Python supports string deduplication out-of-the box. Namely string interning, see sys.intern in python 3.

The interpreter is automatically interning strings in some circumstances. Mainly string constants in python scripts (line variable="hello world"), function/class names (for efficient lookup), or very small strings (single character).

Refer to python documentation (if only it were documented ahah!).

Example below. id() returns the address of a python object.

a = "hello"
b = "world"
u = a + b
v = "helloworld"

id(a + b) # 2709093338800
id("helloworld") # 2709093338736
id(u)     # 2709093338608
id(v)     # 2709093338736

id(sys.intern(a + b)) # 2709093338736
id(sys.intern("helloworld")) # 2709093338736
id(sys.intern(u))     # 2709093338736
id(sys.intern(v))     # 2709093338736

Python interned the "helloworld" string in the script as a unique object but not the constructed string a+b.

Note that it’s difficult and unintuitive to test interning because the interpreter is actively working against you, interning script content before execution (and statements entered manually when in the interpreter).

Usage

Let’s benchmark a small dataset coming from a json file.
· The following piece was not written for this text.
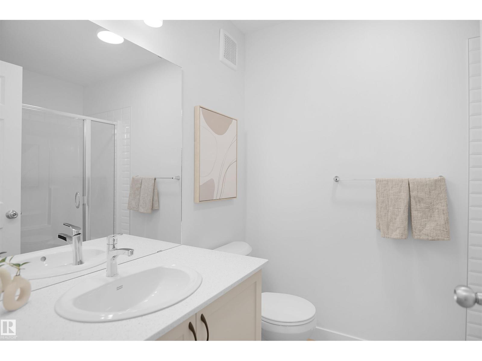 Welcome to this brand new half duplex, the “Reimer” model built by the award-winning Pacesetter Homes, located in one of Edmonton's newest west-end communities of River’s Edge. With over 1,280 sq. ft. of thoughtfully designed living space, this home is ideal for a young family or couple looking for modern style and functionality. The main floor features a versatile flex room or 3rd bedroom located conveniently near the garage entrance, complete with a full 3-piece bathroom perfect for guests or a home office setup. Upstairs on the second level, you'll find a contemporary kitchen with upgraded cabinetry, premium countertops, tile backsplash, and luxury vinyl plank flooring flowing seamlessly into the spacious great room, ideal for entertaining. The upper level offers 2 comfortable primary bedrooms and 2 full bathrooms, including a well-appointed primary suite. Additional features include a single oversized attached garage and modern finishes throughout. *** under construction , complete by August 2026 *** (id:63190)

The file is 1000 MB (compact json encoding) with 200k records.

The built-in json parser can be given extra arguments to control how objects are instantiated.
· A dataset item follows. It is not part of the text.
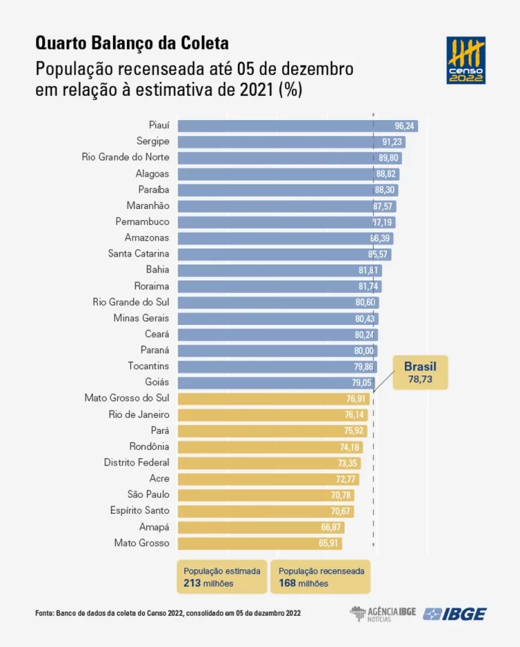 Segundo o IBGE, desde o início da operação, em 1º de agosto, até 5 de dezembro, foram recenseadas 168.018.345 pessoas, em 59.192.875 domicílios no país.

Ever wondered why the json decoder has a crazy amount of magical arguments? json.load(fp, *, cls=None, object_hook=None, parse_float=None, parse_int=None, parse_constant=None, object_pairs_hook=None, **kw) that is for crazy people to do crazy performance optimizations.

Code:

###
obj = json.load(handle)
### VS
obj = json.load(handle, object_pairs_hook=deduplicate_keys)
### VS
obj = json.load(handle, object_pairs_hook=deduplicate_strings)

def deduplicate_keys(items):
    return dict((sys.intern(k), v) for k, v in items)

def deduplicate_strings(items):
    dct = dict()
    for k, v in items:
        if isinstance(v, list):
            dct[sys.intern(k)] = [sys.intern(s) for s in v]
        elif isinstance(v, str):
            if len(v) < 80:
                dct[sys.intern(k)] = sys.intern(v)
            else:
                dct[sys.intern(k)] = v
        else:
            dct[sys.intern(k)] = v
    return dct

# to measure heap usage

# pip install guppy 3
import guppy
heap = guppy.hpy()

heap.setrelheap() # ignore existing objects
do_something()
print(heap.heap())

The above can do three things:

intern dictionary keys (keys are always repeated)
intern short strings, 80 characters maximum (identifiers and short links)
intern lists of strings (notably list of languages and manufacturers)

Result

Good savings from interning strings. Memory usage goes down from 806 MB to 675 MB (that’s 17% for minimal changes). Interestingly more than half of the heap is consumed by strings.

The amount of objects is cut by 38% overall. That ought to have nice side effects like making allocation or garbage collection faster.

Another nice side effect is to make comparison and hash lookup faster. object==otherobject is instantaneous O(1) if both variables are referring to the same object (special case optimization), whereas the normal case is to do a character by character comparison O(N) going through the two strings.

Last but not least, interning dictionary keys alone made no difference at all. Python is automatically interning dictionary keys.